I grew up in L.A., and I still live there. I really enjoy getting the opportunity to go back when we play the Dodgers. I'm able to reflect on where I'm at, what I've accomplished, and what I'm doing because I grew up a big Dodger fan. It's fun to play against them -- they have a good team, we have a good team. It's not necessarily a rivalry because we only play them a couple times a year, but it's always a lot of fun and a good series.

Do you know how many games Ryan Braun has played in Dodger Stadium? I don't want to be a dick about it, but these things aren't that hard to find out and it literally takes about 20 seconds to look it up online. Two games. That's it. Sure, he could enjoy playing the Dodgers and he most definitely enjoys going back home but you've been there ONE TIME. This is my biggest Braun pet peeve, he talks like he has been in the league for 20 years and constantly gets away with it. He's like a 14 year old who wants to talk to you about sex. Give me a break.

I hate being down on Braun all the time though. I mean, he really likes playing in Milwaukee and signed a contract that he didn't have to sign to stay here. We should be happy. I mean look at this compliment he gives Milwaukee:

Don't sleep on Milwaukee. The people here really take their summers seriously because they don't have good weather very often. It's been great to me so far. It's fun.

At least I think that was a compliment.


29
Jun 09

Jeremy Jeffress was gonna pitch, but then he got high

high timesAs I am sure you have heard by now the (arguably) best pitching prospect in the Brewers system, Jeremy Jeffress was suspended for 100 games.
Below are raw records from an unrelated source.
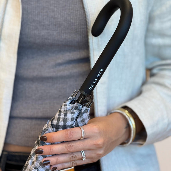 Deze elegante paraplu van De La Mur Line is uitgevoerd in een zwart- en beige ruitjespatroon. Ontworpen in dezelfde print als onze tassen en accessoires, zodat je altijd perfect gestyled de deur uitgaat, ook als het regent.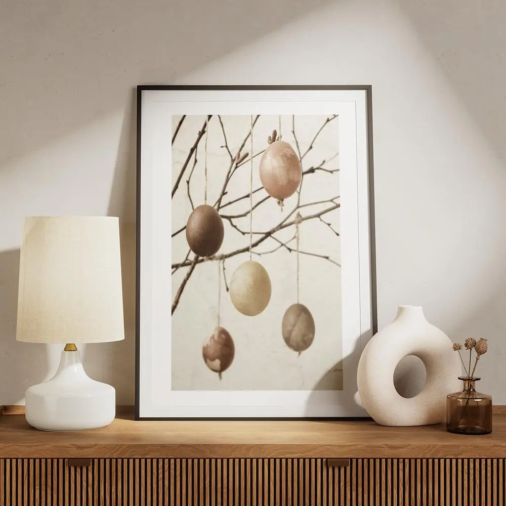 Ce Affiche œufs peints terreux montre des œufs peints aux tons terreux, suspendus à de fines branches. Le montage reste simple et chaleureux. On remarque des nuances ocre, brun chaud et vert olive, des petites cordelettes qui tiennent chaque œuf, et quelques ornements discrets collés ou peints sur les surfaces.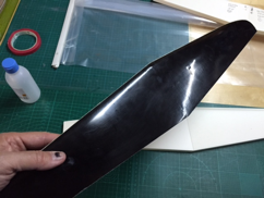 Después de las primeras emociones y los subidones vino el control de calidad: el acabado formal y el peso excelentes, la pintura la habíamos aplicado sobre el mylar una cara de negro (bien) la otra de blanco (fatal). Al tratar de lijar y pintar de blanco para mejorar el acabado se nos tronchó el estabilo, de modo que aprendimos que debíamos usar fibra de más grosor y las varillas de refuerzo tenían que llegar de extremo a extremo del estabilizador. Aunque es doloroso este tipo de chascos aportan unas lecciones insuperables e inolvidables, así el siguiente estabilo que hicimos, que es el que monta el primer Supra-MAD en vuelo, salió perfecto.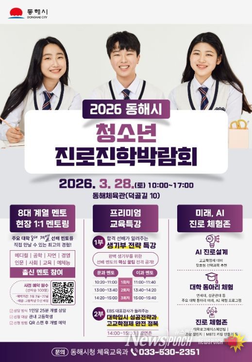 뉴스펀치 조평훈 기자 | 동해시는 오는 3월 28일 오전 10시부터 오후 5시까지 동해체육관에서 ‘2026 동해시 청소년 진로·진학 박람회’를 연다.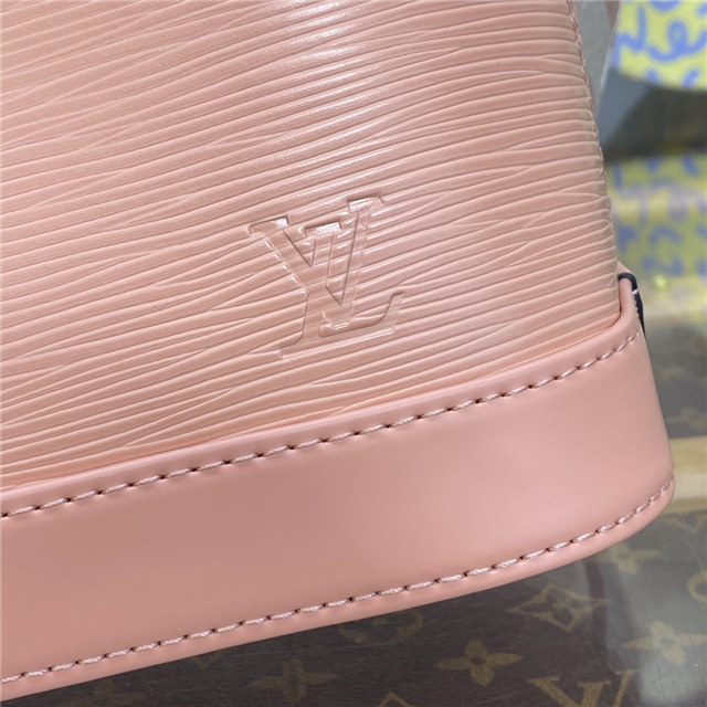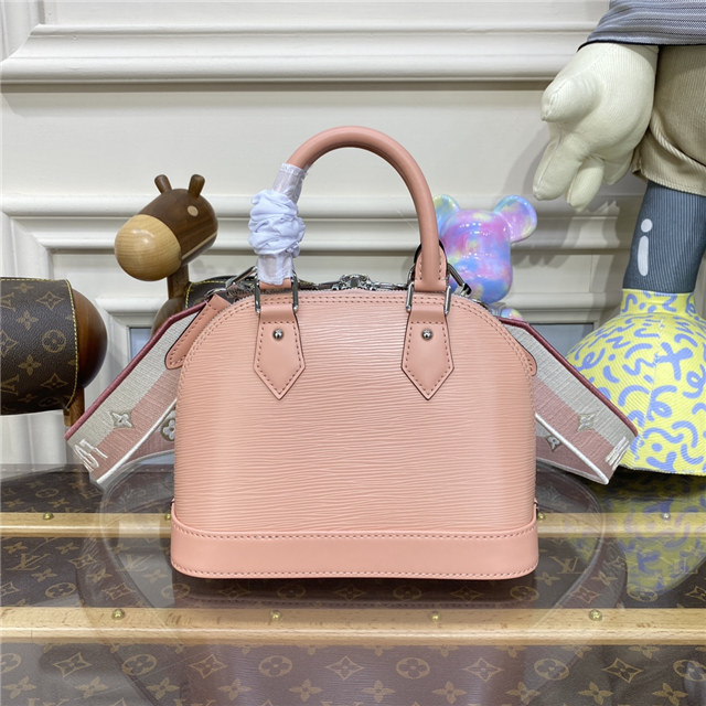 This charming Alma BB handbag crafted from grained Epi leather is offered for Spring in a powdery pastel hue. One of the Maison’s most recognizable shapes, the Alma traces its origins to the Art Deco period. This modern edition sports a wide jacquard strap woven with the “Louis Vuitton” signature, for a contemporary cross-body carry.
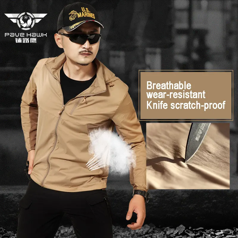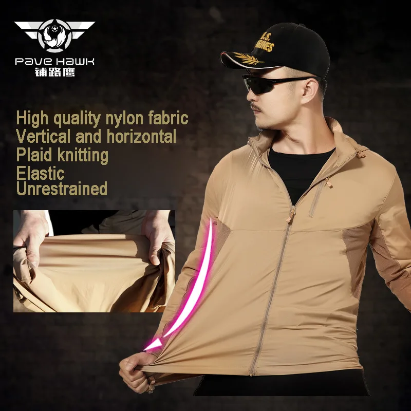 | PAVEHAWK Men Outdoor sport hiking fishing sun-protective jackets Waterproof and breathable Military Tactical Sunscreen Skin coat |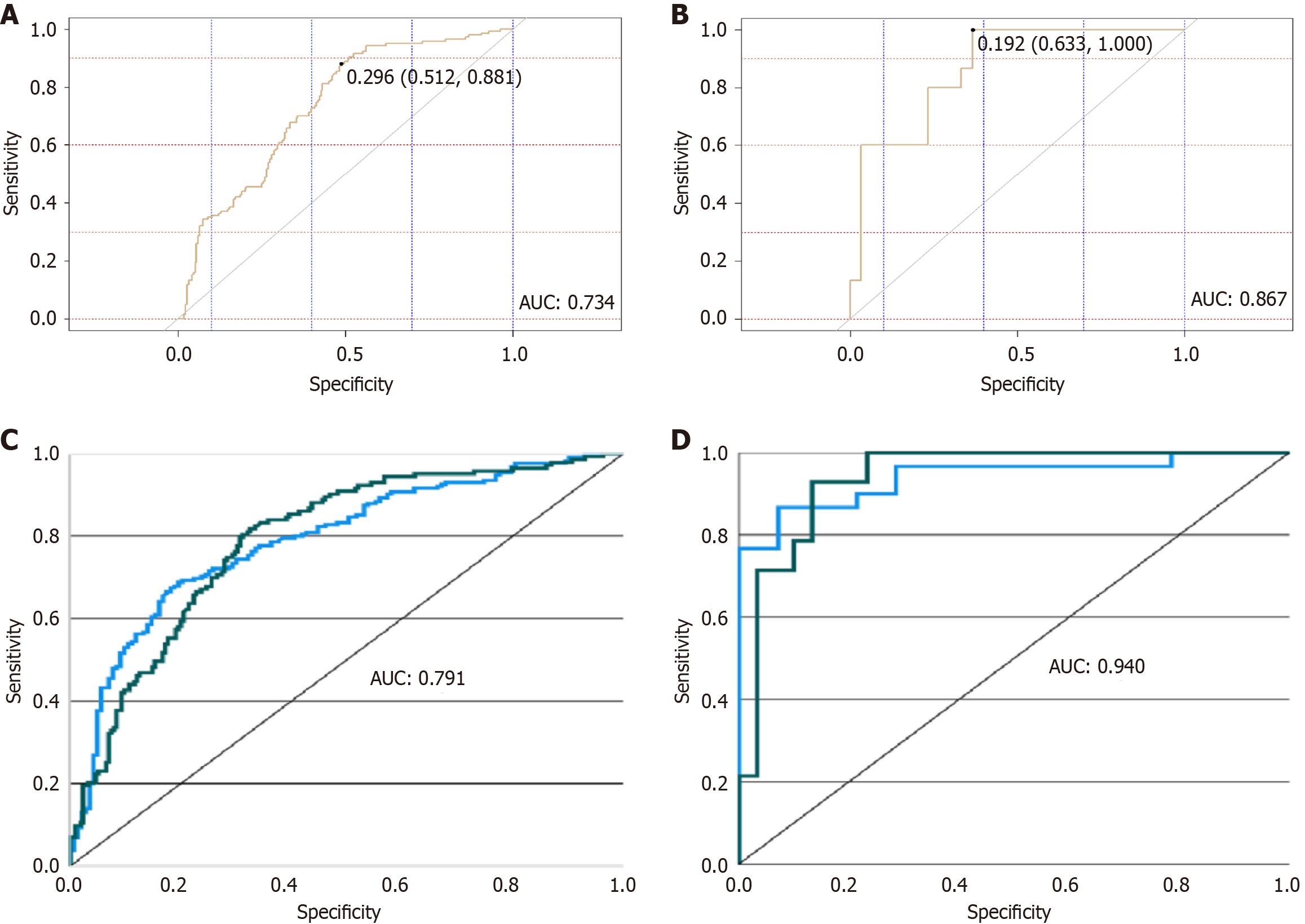 A: Receiver operating characteristic (ROC) curve for the logistic regression (LR) modeling group; B: ROC curve for the LR validation group; C: ROC curve for the artificial neural network (ANN) modeling group; D: ROC curve for the ANN validation group. AUC: Area under the curve.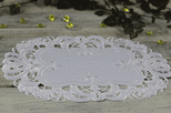 Serwetka plamoodporna biała z haftem richelieu wzór D-owal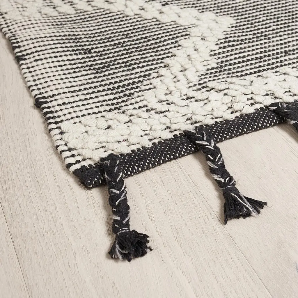 This rug will ship in December. Made of wool and cotton on a traditional pit loom, Malta French Knot is a dynamic stripe with lovely dimension and texture accentuated by tassel fringe. This versatile geometric design has a casual look that works absolutely anywhere.Content:55% Wool, 45% Cotton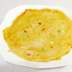 用两碗面粉,两个鸡蛋,两条葱,两小碗水煎了四个葱油瓶。
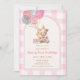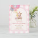 Bear Balloon Pink Gingham Beary First Birthday Invitation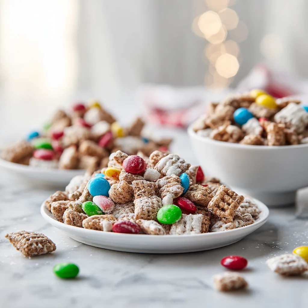 The colorful candies and powdered sugar coating give the mix a snowy holiday appearance.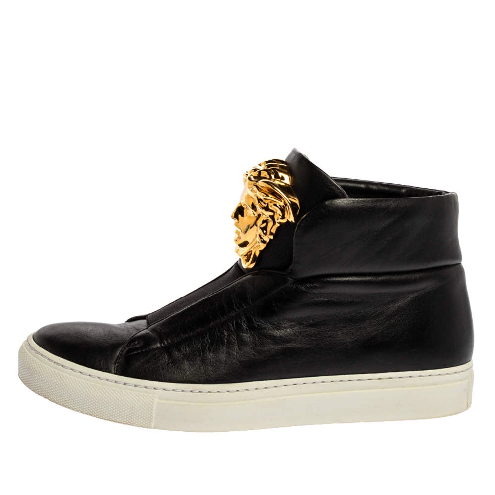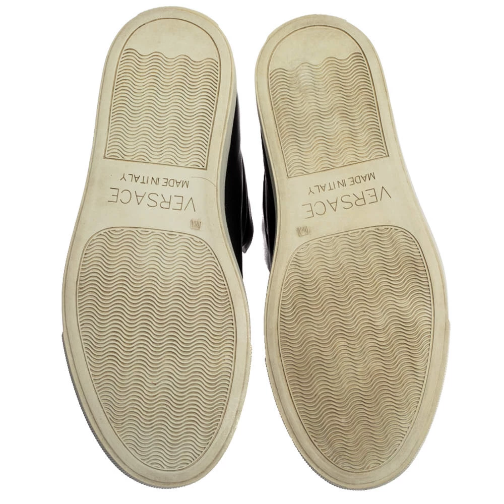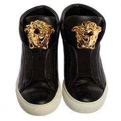 Sneakers are sought-after for reasons like comfort, ease, and casual style. These Versace ones fit right in as they are stylish and snug. They come crafted from black leather into a design of elastic panels and the Medusa logo on the front. They are finished with rubber soles.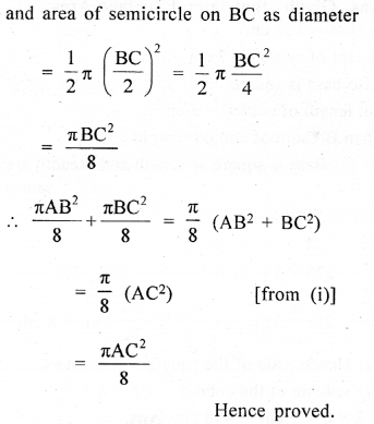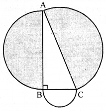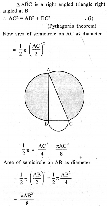 In the adjoining figure, ABC is a right angled triangle right angled at B. Semicircle are drawn on AB, BC and CA as diameter. Show that the sum of areas of semi circles drawn on AB and BC as diameter is equal to the area of the semicircle drawn on CA as diameter.
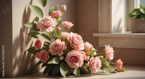 flower, arrangement, pink, rose, pastel, decorative, light, beige, still life, natural, design, bouquet, soft, shadow, leaf, composition, three-dimensional, realistic, illustration, elegant, home, interior, beautiful, colourful, bright, creative, modern, stylish, professional, vibrant, stunning, amazing, marvellously, fantastic, gorgeous, lovely, charming, attractive, impressive, spectacular, magnificent, excellent, honed, quality, premium, luxury, classic

He tested positive for marijuana for the second time in his career. Now, we can get into all the "smoking pot is not that bad!" stuff another time. The fact is that it's illegal to smoke pot and it's against baseball's rules to smoke pot and this guy smoked pot and got caught (twice). If he does it again and gets caught he will be banned from baseball for life. Fair? Probably not, but those are the rules and when you work in an industry where the starting paycheck is six figures you can probably stand to follow a few rules.

The best part of this whole deal, is Jeffress' manager who had the gall to say this:

"Jeremy is extremely remorseful for what happened and will be voluntarily checking himself into a rehab facility to deal with his problem," Kusnick said. "Jeremy is sick and needs help. We are here to support him in getting his life back. Right now, the most important thing is to help him get his life back, and baseball will take care of itself.

"He is sorry for letting everyone down who believes in him."

He can't possibly be serious can he? He knows we're talking about pot right? To quote Bob Saget in Half Baked "I used to suck dick for coke. Now that's an addiction. You ever suck some dick for marijuana?" You can't have a "problem" with marijuana, you can't be "sick and need help", people don't overdose on weed. If he wants to "get his life back" maybe he should just, you know, not smoke pot. That's all he has to do. There is no addiction to kick and he doesn't need rehab, he just has to put the bong down. That's it.

Unfortunately, I don't see him ever doing that. I've been around people who smoke pot my entire life. Know how many have quit? Zero. Guess what those kids getting high behind the dumpster at Burger King before a sixth grade dance are doing today? SMOKING POT! Guess what my mom is doing right now? The same thing she did when she was pregnant with me, SMOKING POT! Once you reach the point in your life when you are listening to a Phish album and think to yourself "hey, this is pretty good," you're done. It's over. You are going to smoke weed for the rest of your life. You don't care if it costs you jobs or relationships because smoking weed is fun and it makes watching professional wrestling THAT MUCH COOLER.

So don't give me that "Jeffress has a problem" crap, the only problem that Jeffress has is that he's an idiot who doesn't know how to use a Whizzinator or the internet.